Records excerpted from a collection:
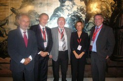 (von links:) Rafael Ribò (Volksanwalt von Catalunya), Mats Melin (Schwedischer Ombudsman), Tom Frowley (Irischer Ombudsman), Burgi Volgger und Guido Schürmanns (Belgischer Ombudsman)
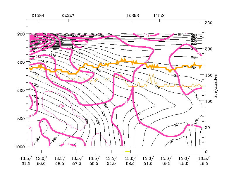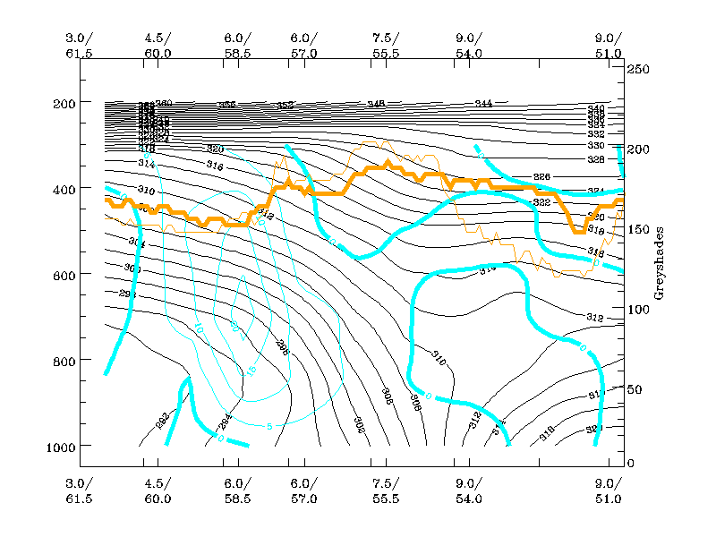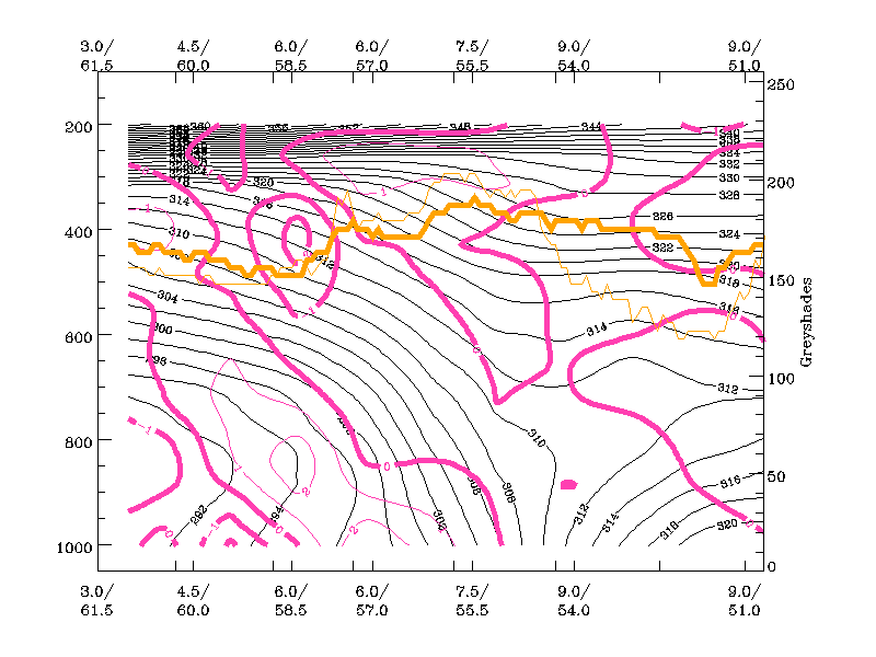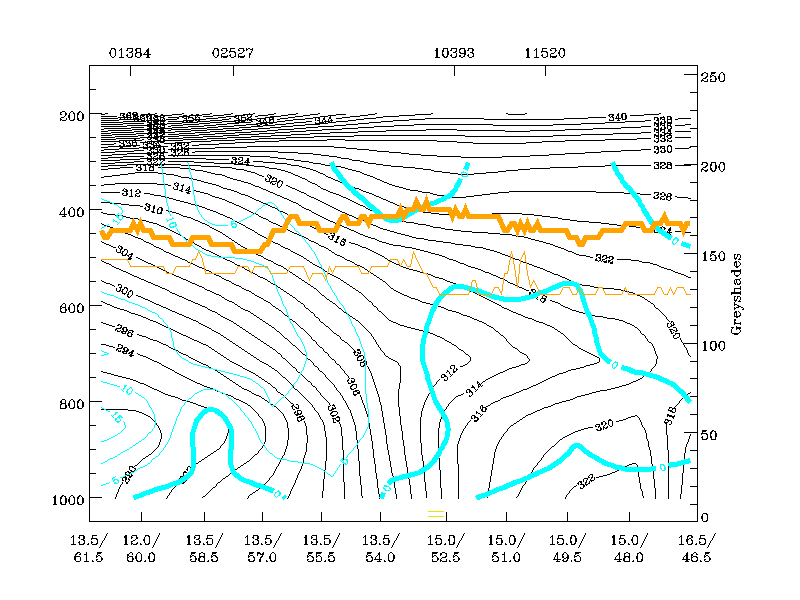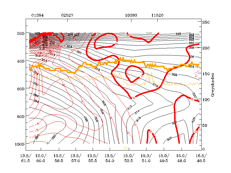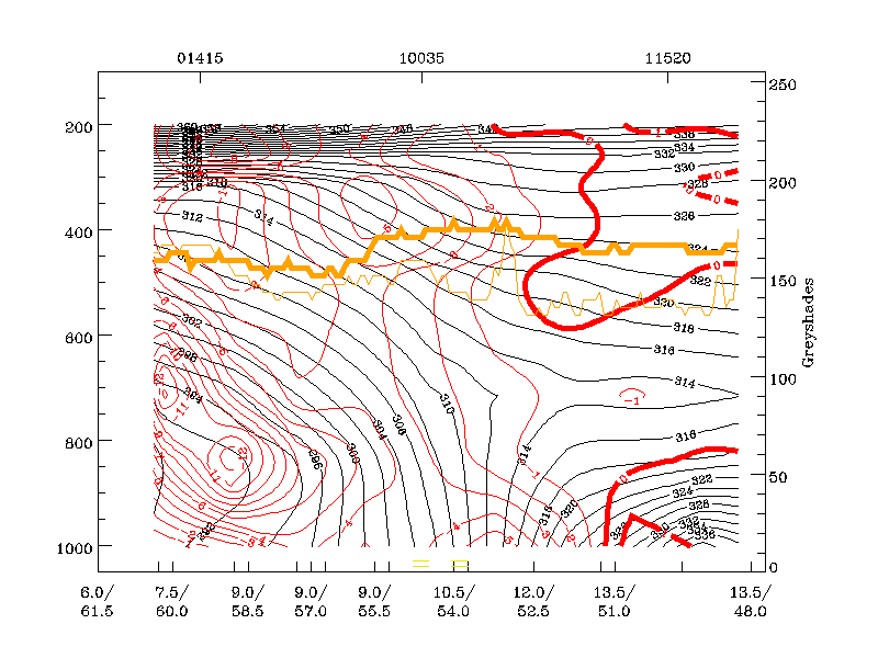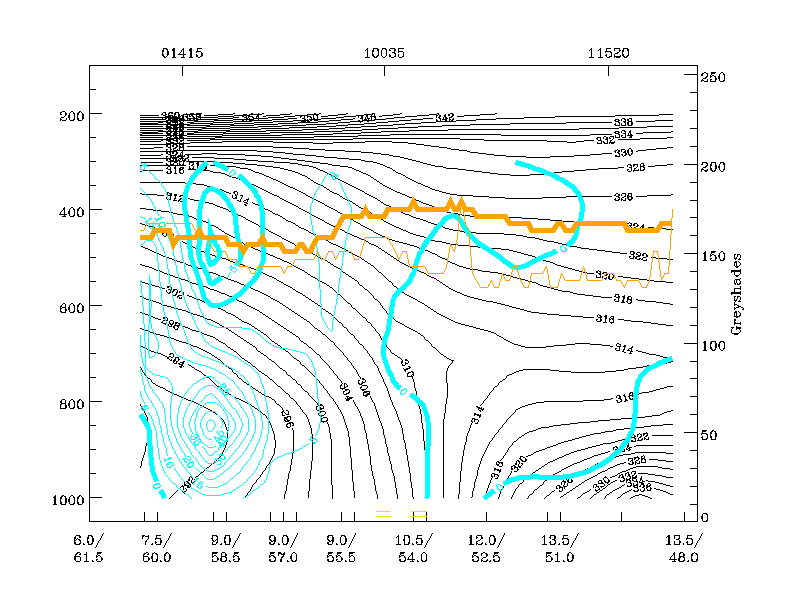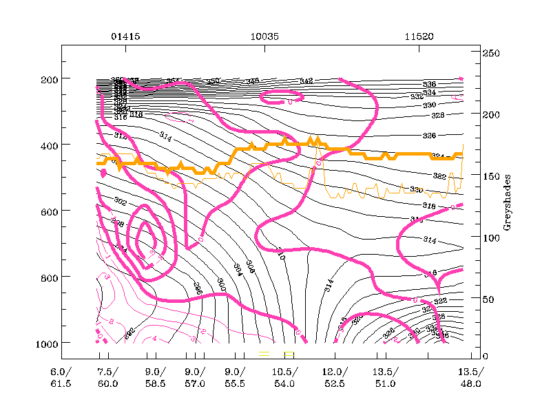 03 June 2000/00.00 UTC - Vertical cross section; black: isentropes (ThetaE), orange thin: IR pixel values, orange thick: WV pixel values
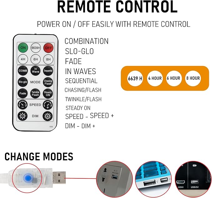 - Remote Control: Easily manage your lights with the included remote control, which allows you to turn the lights on and off, adjust brightness and speed, set 4H, 6H, and 8H timers, and change different lighting modes such as combination, slow glow, wave, sequential, chasing/flash, slow fade, twinkle/flash, and steady on.
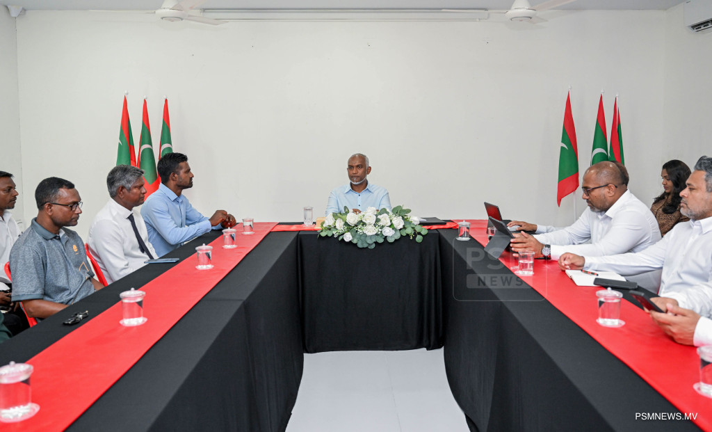ރައީސުލްޖުމްހޫރިއްޔާ ޑރ. މުޙައްމަދު މުޢިއްޒު ށ. ކަނޑިތީމު ކައުންސިލާއި، އ.ތ.މ ކޮމިޓީ އަދި ރަށުގެ މުއައްސަސާތަކުގެ އިސްވެރިންނާއި ބައްދަލުކުރެއްވުމުގެ ތެރެއިން / ފޮޓޯ: ރައީސް އޮފީސް
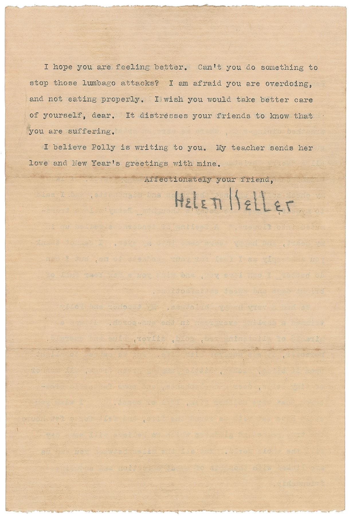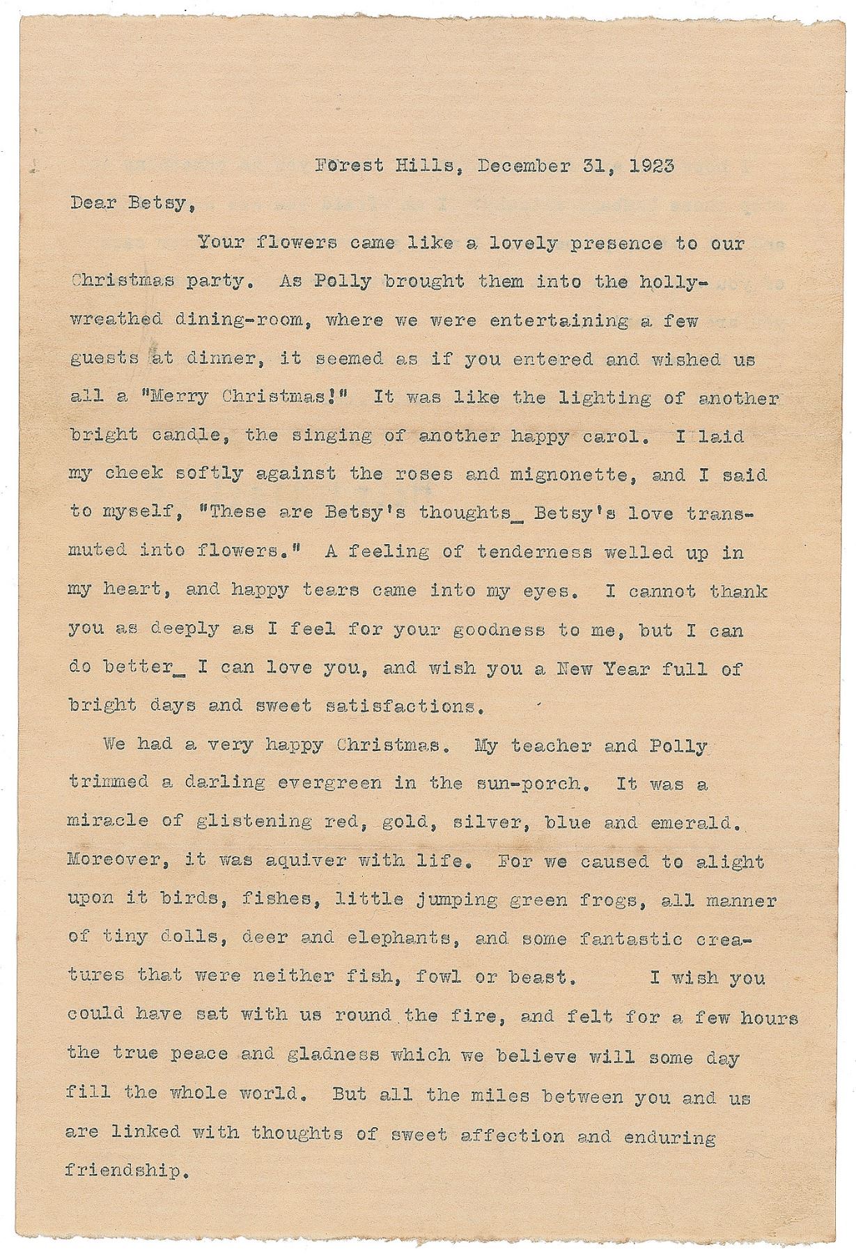 TLS, one page both sides, 7 x 10.5, December 31, 1923. Written from Forest Hills, a letter to Betsy, in part: "We had a very happy Christmas. My teacher and Polly trimmed a darling evergreen in the sun-porch. It was a miracle of glistening red, gold, silver, blue and emerald. Moreover, it was aquiver with life. For we caused to alight upon it birds, fishes, little jumping green frogs, all manner of tiny dolls, deer and elephants, and some fantastic creatures that were neither fish, fowl or beast. I wish you could have sat with us round the fire, and felt for a few hours the true peace and gladness which we believe will some day fill the whole world." In fine condition, with some light toning along folds.

» WHAT IS NEEDED: Could each line of the data be written out exactly, with no pictures included?

» REPLY:
 (von links:) Rafael Ribò (Volksanwalt von Catalunya), Mats Melin (Schwedischer Ombudsman), Tom Frowley (Irischer Ombudsman), Burgi Volgger und Guido Schürmanns (Belgischer Ombudsman)
 03 June 2000/00.00 UTC - Vertical cross section; black: isentropes (ThetaE), orange thin: IR pixel values, orange thick: WV pixel values
 - Remote Control: Easily manage your lights with the included remote control, which allows you to turn the lights on and off, adjust brightness and speed, set 4H, 6H, and 8H timers, and change different lighting modes such as combination, slow glow, wave, sequential, chasing/flash, slow fade, twinkle/flash, and steady on.
ރައީސުލްޖުމްހޫރިއްޔާ ޑރ. މުޙައްމަދު މުޢިއްޒު ށ. ކަނޑިތީމު ކައުންސިލާއި، އ.ތ.މ ކޮމިޓީ އަދި ރަށުގެ މުއައްސަސާތަކުގެ އިސްވެރިންނާއި ބައްދަލުކުރެއްވުމުގެ ތެރެއިން / ފޮޓޯ: ރައީސް އޮފީސް
 TLS, one page both sides, 7 x 10.5, December 31, 1923. Written from Forest Hills, a letter to Betsy, in part: "We had a very happy Christmas. My teacher and Polly trimmed a darling evergreen in the sun-porch. It was a miracle of glistening red, gold, silver, blue and emerald. Moreover, it was aquiver with life. For we caused to alight upon it birds, fishes, little jumping green frogs, all manner of tiny dolls, deer and elephants, and some fantastic creatures that were neither fish, fowl or beast. I wish you could have sat with us round the fire, and felt for a few hours the true peace and gladness which we believe will some day fill the whole world." In fine condition, with some light toning along folds.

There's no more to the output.